Re-conceptualizing Approaching Girls


By far the most difficult thing for guys in dating is approaching new girls and the second is doing it with success. There's so much information out there about learning not to fear rejection, lines to get good responses, and of course the be yourself advice.


A way that's not discussed as much is the idea that women like to be talked to as long as it's somewhat respectful as in you're talking to them like a human being and not a vagina with arms and legs. You can tease and make fun of but not objectify unless she already really likes you and seems like she wants to go home with you which happens if the venue is right for it--late night parties, clubs, bars etc.


Re-conceptualizing Approaching Girls


What's really important about this concept is again that women actually have a good time talking to new guys.


It's the pressure of feeling as if you're trying to pull something off which makes it feel so forced. You feel like you're swimming against the current instead of with it--pushing something that probably shouldn't be pushing in order to satiate your pathetic male desires. Not only are they not pathetic but actually very healthy as men go through adulthood, but you're not pushing it as much as you think. Women enjoy feeling attractive and when you take the time to tease her or smile or make conversation you are validating her. True, a lot of men validate her everyday so she may have a veil of rudeness which pre-rejects you, but there are usually women who don't have this veil on and often when a woman does have that veil on it's because she has a boyfriend or you aren't her type so you didn't have a shot no matter what you said or did.

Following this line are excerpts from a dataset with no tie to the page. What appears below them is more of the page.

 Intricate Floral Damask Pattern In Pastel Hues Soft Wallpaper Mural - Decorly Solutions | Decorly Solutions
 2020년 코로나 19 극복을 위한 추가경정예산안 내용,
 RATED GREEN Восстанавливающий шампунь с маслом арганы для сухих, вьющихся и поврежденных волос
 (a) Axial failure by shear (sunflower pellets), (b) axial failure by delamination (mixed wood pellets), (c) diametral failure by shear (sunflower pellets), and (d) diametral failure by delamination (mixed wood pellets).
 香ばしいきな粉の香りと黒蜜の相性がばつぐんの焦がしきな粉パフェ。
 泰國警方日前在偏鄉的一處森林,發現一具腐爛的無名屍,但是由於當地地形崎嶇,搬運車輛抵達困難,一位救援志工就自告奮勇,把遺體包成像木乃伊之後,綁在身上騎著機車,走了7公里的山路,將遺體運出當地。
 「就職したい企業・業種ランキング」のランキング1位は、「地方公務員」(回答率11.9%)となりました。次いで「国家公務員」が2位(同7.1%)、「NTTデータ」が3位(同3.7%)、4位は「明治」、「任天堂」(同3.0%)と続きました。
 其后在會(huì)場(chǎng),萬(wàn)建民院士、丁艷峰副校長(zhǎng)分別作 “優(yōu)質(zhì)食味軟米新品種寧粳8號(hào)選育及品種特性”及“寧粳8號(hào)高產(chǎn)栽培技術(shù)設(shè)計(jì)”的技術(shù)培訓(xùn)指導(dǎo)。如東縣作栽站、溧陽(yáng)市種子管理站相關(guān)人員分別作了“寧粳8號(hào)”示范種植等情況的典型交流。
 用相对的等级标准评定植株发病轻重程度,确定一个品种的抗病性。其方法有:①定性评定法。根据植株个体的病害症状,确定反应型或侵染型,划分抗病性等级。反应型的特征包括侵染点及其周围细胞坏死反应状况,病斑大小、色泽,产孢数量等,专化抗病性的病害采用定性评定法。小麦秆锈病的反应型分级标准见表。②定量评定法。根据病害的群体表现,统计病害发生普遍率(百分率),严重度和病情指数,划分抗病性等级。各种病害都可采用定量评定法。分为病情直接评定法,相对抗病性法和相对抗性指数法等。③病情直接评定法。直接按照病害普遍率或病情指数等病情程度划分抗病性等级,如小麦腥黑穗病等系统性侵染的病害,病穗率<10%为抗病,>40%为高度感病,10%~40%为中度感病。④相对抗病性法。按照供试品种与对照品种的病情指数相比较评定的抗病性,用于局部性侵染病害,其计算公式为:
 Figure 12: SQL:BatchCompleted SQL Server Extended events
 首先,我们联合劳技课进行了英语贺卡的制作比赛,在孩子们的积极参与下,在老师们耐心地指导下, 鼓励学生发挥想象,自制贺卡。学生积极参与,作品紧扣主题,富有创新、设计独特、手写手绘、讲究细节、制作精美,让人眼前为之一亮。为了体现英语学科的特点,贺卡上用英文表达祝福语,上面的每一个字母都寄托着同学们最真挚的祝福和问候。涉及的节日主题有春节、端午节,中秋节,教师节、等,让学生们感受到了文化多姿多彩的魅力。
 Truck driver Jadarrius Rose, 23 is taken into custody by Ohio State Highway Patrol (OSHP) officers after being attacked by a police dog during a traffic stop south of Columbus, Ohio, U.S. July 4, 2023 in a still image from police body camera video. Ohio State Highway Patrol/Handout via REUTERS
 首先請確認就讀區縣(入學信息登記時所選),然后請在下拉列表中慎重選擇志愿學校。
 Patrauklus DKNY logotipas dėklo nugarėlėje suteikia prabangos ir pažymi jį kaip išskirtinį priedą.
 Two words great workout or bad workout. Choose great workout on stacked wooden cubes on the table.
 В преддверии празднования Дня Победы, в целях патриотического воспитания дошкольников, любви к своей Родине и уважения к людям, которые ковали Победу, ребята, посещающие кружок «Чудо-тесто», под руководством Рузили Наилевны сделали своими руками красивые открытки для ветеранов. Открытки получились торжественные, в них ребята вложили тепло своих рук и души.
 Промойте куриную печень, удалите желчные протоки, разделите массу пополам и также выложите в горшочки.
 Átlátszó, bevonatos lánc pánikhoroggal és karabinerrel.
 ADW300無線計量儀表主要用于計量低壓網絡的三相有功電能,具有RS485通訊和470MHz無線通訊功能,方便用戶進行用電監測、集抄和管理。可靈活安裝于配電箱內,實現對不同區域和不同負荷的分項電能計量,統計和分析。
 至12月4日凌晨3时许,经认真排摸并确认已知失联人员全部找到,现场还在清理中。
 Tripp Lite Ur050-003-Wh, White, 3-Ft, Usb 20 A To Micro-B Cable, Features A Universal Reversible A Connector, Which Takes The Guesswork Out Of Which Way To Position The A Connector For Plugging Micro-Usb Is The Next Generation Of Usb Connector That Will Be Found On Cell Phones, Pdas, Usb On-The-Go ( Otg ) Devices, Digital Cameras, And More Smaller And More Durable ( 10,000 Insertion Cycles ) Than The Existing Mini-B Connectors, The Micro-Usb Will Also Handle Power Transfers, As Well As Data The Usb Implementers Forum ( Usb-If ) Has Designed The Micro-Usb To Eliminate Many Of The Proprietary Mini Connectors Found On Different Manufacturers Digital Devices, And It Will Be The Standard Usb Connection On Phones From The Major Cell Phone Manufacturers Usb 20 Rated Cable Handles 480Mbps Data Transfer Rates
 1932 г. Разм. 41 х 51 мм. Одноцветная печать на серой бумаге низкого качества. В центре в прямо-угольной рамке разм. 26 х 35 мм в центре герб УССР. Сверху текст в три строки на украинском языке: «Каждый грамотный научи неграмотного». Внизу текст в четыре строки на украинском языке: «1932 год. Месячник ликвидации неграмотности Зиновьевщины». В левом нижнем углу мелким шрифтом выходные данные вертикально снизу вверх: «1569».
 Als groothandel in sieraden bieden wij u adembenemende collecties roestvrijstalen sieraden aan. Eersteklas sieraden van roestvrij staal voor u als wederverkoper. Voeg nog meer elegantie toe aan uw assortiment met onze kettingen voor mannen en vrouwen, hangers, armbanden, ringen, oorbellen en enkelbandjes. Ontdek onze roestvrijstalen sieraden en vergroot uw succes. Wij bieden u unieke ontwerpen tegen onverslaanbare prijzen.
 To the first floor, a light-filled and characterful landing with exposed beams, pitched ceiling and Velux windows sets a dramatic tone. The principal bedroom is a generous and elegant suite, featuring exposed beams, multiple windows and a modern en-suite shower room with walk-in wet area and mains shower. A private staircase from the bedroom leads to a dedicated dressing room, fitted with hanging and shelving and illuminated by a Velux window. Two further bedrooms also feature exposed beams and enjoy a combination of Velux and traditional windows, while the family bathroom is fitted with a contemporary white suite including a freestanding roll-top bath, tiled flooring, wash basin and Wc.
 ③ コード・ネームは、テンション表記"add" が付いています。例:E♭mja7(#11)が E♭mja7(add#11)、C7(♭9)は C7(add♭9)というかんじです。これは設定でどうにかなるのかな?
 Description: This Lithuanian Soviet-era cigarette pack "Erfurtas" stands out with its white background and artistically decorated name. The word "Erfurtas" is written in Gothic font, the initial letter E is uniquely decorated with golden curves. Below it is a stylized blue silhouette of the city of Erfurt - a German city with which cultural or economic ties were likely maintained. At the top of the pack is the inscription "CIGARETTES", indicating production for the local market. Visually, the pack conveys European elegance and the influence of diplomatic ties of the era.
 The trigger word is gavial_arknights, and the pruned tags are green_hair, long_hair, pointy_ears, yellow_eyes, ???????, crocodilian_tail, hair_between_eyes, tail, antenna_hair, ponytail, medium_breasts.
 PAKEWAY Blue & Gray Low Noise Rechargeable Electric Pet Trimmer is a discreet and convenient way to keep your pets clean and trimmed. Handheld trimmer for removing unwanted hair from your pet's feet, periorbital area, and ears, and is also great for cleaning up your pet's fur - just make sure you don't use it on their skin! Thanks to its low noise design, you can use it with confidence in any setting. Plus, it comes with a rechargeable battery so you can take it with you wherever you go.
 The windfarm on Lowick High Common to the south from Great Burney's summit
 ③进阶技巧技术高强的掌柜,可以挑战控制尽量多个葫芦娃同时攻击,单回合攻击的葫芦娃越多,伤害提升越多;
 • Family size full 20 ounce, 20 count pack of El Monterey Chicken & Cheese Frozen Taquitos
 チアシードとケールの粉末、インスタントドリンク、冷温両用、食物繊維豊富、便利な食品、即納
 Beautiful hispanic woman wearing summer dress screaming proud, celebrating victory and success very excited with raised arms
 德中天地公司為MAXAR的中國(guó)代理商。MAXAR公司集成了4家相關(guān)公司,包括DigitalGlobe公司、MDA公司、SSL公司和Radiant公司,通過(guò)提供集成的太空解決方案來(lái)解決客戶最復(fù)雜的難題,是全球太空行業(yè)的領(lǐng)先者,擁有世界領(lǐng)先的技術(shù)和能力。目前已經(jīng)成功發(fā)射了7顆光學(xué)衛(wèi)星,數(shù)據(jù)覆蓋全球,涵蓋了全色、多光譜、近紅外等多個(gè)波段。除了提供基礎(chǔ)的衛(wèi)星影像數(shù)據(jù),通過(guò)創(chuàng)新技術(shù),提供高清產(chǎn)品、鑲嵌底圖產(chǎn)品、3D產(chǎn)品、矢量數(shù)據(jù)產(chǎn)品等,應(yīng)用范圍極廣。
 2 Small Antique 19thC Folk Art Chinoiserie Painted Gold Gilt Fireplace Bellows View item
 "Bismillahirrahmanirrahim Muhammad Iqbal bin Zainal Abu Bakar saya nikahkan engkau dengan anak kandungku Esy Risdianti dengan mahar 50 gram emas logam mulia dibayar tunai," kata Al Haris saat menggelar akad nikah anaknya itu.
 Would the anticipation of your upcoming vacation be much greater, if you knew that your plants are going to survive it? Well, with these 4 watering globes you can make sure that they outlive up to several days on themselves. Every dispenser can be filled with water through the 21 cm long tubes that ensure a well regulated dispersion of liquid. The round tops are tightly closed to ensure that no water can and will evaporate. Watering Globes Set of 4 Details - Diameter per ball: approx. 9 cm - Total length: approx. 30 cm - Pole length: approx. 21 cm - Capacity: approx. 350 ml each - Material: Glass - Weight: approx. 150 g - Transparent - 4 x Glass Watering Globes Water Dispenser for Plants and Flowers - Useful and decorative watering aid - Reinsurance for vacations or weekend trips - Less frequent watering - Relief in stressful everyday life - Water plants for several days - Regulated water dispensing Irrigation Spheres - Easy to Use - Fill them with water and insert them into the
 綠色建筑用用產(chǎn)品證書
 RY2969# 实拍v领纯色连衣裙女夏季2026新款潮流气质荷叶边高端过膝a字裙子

The point is flirting is almost as normal as being friendly. Sure, you've probably been in line at a store or something and the guy is being extra friendly to this woman and even though the woman is playing along you feel awkward and tense for the guy--this is called tension and if you can handle tension then you're ahead of the game. Don't feel like you have to fill up every empty silence with something witty.


Re-conceptualizing Approaching Girls


To wrap up, here is the basic idea: Try thinking of talking to girls like giving them permission to have a conversation with you. If you are sitting next to a woman at starbucks and you say what's that you're reading? She can give you a one word answer and you know she's not interested in getting that permission. Or, and this happens a lot more often than you'd think, she will open up and tell you what the book is about without you asking. This opens up the conversation where you can talk about anything and from asking a simple question about an innocuous thing that you'd ask her even if she was 90 years old and a man, you've done what so many other guys fail to do--start a conversation from scratch from a random attractive women you've never met. Your success rate in terms of relationships starting this way is actually higher than clubs because they actually find the way you met cute (the best still seems to be mutual friends)


One small additional note--you'll find as you do this that many women will have conversations with you very easily but that doesn't always result in numbers. Again, I never force anything along. Even if I know I could get this woman to talk about her life story--i know that when she gets home if she feels like why did she give me her number? when i text her it won't probably go anywhere. You can push it if you like and you'll probably get better numbers than me but again there are always enough women who enjoyed the chance to talk to you without it being weird, uncomfortable, and forced.